CompaniesMarketCap data shows a global asset rankings
But just as Wall Street toasts to gold, another, even more shocking epic is unfolding in the digital world: Bitcoin's market capitalization has quietly crossed the $1.55 trillion threshold, narrowing the gap with gold from 100 times to 13 times.
Behind this seemingly disparity lies the most drastic value migration in the history of human civilization. Gold spent 5,000 years to build a temple of value, and Bitcoin took only 15 years to reach the city gates.
Even more shocking is the asymmetry of the time dimension: it took 53 years for gold to go from $1 trillion to $20 trillion (since the collapse of the Bretton Woods system in 1971), while it took only 15 years for Bitcoin to go from zero to $1.5 trillion.
At this moment, $3,000 in gold and $83,000 in bitcoin are like the meeting of a steam locomotive and an internal combustion engine at a turning point in the industrial revolution – the former is still roaring on an inertial track, and the latter has ignited the engine of digital civilization.
Bitcoin's Philosophical Revolution: An Ultimate Experiment Against Fiat Tyranny
Bitcoin was born on the ruins of the 2008 financial crisis, and when Satoshi Nakamoto wrote his famous declaration in the white paper, he may have foreseen that when the Federal Reserve's money printing machine dilutes the value of the dollar in trillions, humanity needs a monetary system that does not require trust in a central authority. This philosophical core constitutes the "Force" of Bitcoin – countering human greed with mathematical certainty and dissolving the monopoly of power with code rules.

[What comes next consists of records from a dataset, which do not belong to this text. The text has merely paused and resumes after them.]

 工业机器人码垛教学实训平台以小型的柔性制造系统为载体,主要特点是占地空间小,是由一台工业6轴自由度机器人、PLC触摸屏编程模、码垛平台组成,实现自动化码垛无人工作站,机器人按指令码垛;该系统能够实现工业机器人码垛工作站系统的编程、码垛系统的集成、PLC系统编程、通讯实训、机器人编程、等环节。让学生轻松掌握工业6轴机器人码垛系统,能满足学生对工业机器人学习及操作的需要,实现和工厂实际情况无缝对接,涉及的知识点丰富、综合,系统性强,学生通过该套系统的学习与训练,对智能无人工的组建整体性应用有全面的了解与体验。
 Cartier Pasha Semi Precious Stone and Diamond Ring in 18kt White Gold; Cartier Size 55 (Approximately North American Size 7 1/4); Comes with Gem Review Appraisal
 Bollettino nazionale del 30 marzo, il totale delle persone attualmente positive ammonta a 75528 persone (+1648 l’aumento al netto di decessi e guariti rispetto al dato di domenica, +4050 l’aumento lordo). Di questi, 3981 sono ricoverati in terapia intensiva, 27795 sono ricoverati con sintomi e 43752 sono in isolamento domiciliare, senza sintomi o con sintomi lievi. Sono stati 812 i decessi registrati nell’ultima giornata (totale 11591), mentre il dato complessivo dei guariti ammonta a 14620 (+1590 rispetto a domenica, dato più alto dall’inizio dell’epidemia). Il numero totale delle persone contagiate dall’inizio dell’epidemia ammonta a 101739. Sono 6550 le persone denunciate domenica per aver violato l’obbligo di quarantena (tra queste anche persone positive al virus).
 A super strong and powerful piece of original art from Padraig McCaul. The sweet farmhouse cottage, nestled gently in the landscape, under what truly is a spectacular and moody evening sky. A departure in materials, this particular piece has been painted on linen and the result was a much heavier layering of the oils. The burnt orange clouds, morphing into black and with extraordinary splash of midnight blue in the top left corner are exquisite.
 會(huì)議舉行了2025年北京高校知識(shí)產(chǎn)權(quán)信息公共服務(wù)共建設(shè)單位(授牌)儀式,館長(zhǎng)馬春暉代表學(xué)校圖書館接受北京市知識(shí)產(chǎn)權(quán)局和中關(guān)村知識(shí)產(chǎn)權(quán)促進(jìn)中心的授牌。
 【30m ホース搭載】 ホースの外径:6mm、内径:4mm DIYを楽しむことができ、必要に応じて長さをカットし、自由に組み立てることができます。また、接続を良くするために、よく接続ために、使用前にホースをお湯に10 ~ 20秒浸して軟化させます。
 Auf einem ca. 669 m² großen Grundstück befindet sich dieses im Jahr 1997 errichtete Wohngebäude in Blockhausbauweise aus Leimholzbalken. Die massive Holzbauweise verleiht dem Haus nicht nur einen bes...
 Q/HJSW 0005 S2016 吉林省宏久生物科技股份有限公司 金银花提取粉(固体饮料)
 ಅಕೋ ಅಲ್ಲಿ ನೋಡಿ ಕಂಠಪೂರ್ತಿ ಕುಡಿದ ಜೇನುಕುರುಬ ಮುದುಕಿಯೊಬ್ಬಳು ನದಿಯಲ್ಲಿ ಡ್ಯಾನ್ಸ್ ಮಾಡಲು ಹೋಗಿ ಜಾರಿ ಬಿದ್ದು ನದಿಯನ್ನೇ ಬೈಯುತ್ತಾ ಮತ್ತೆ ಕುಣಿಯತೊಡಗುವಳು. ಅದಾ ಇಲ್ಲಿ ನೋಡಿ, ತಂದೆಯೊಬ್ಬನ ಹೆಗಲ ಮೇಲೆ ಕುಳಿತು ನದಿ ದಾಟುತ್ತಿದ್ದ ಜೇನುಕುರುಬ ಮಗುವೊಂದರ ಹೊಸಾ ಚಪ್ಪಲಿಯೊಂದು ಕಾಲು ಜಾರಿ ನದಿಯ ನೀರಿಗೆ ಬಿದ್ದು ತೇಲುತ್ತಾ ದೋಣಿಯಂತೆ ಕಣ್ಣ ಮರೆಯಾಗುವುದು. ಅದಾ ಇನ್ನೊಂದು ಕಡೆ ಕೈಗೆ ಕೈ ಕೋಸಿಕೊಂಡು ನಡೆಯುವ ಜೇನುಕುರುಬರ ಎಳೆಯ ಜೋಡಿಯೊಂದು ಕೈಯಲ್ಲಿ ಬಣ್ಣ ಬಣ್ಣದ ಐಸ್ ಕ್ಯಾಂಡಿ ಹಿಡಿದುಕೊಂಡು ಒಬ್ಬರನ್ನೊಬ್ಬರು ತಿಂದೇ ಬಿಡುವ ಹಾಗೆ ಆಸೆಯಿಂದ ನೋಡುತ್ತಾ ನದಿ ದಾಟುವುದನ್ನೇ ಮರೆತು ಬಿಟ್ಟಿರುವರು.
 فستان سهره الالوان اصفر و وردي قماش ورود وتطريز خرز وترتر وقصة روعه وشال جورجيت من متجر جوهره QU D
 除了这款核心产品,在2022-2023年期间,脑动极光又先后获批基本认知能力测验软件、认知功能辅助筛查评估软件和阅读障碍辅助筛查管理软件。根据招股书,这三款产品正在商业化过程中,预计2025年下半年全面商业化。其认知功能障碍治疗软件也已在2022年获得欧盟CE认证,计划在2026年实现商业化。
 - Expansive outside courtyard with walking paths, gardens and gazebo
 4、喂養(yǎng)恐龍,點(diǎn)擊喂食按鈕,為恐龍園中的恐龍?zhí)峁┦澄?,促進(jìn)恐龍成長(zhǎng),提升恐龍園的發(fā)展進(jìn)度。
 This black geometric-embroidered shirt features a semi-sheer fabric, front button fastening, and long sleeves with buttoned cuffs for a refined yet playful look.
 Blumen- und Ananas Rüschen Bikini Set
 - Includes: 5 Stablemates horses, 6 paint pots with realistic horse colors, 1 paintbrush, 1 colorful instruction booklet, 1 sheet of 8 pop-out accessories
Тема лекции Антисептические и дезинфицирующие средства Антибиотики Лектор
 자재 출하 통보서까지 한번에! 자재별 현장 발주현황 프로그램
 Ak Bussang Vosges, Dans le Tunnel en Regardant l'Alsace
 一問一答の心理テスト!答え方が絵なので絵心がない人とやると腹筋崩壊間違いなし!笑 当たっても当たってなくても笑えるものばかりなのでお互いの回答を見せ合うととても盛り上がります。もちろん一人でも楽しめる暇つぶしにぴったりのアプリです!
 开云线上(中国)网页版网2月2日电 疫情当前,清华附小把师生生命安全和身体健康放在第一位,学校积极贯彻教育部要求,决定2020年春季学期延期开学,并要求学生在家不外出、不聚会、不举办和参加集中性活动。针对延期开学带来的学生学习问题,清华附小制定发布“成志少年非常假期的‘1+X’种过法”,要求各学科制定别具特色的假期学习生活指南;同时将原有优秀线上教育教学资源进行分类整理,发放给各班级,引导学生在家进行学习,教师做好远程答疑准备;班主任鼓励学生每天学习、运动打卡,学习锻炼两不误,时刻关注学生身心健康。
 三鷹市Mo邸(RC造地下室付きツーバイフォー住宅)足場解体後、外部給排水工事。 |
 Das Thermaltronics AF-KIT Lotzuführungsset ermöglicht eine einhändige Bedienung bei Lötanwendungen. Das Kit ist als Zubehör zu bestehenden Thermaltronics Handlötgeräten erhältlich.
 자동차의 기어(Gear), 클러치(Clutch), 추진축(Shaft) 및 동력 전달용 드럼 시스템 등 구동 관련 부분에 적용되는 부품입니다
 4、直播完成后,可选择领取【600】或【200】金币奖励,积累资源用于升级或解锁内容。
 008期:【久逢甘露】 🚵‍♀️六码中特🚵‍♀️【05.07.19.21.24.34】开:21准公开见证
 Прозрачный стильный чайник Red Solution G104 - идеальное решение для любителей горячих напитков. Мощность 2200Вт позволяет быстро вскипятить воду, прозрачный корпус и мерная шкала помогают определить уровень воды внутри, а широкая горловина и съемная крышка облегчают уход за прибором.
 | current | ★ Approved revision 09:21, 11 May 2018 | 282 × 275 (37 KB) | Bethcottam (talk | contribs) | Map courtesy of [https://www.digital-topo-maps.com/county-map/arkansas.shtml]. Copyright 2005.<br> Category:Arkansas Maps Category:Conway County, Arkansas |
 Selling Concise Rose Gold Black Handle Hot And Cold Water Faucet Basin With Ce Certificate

Recursive deduction of proof of existence
When Satoshi Nakamoto designed Bitcoin, he essentially completed a proof of existence: how to build an unforgeable system of record of value without relying on centralized authority. The underlying logic of this proof can be seen as a modern response to Hilbert's thirteenth problem—the decomposition of multivariate functions into univariate iterations through elliptic curve cryptography. The hash value of each block is a recursive verification of the "existence of value", like the self-referential proposition in Gödel's incompleteness theorem, establishing a new certainty on the edge of the paradox.
The proof-of-work mechanism (PoW) is essentially a reverse engineering of the second law of thermodynamics. When the mining machine consumes electrical energy to calculate the hash value, the entropy increase in the physical world is converted into a negative entropy flow on the blockchain, and this energy-information conversion efficiency is just like the limit of the Carnot heat engine to convert heat energy into work in an ideal state. The halving event is like the Planck-scale quantum tunneling effect, which doubles the energy level spacing of the system every four years, forcing the market consensus to jump to a higher energy state.
Gold vs Bitcoin consensus
It took 5,000 years for gold to establish a value consensus in human civilization, while Bitcoin completed its transformation from a cryptographic toy to "digital gold" in only 15 years.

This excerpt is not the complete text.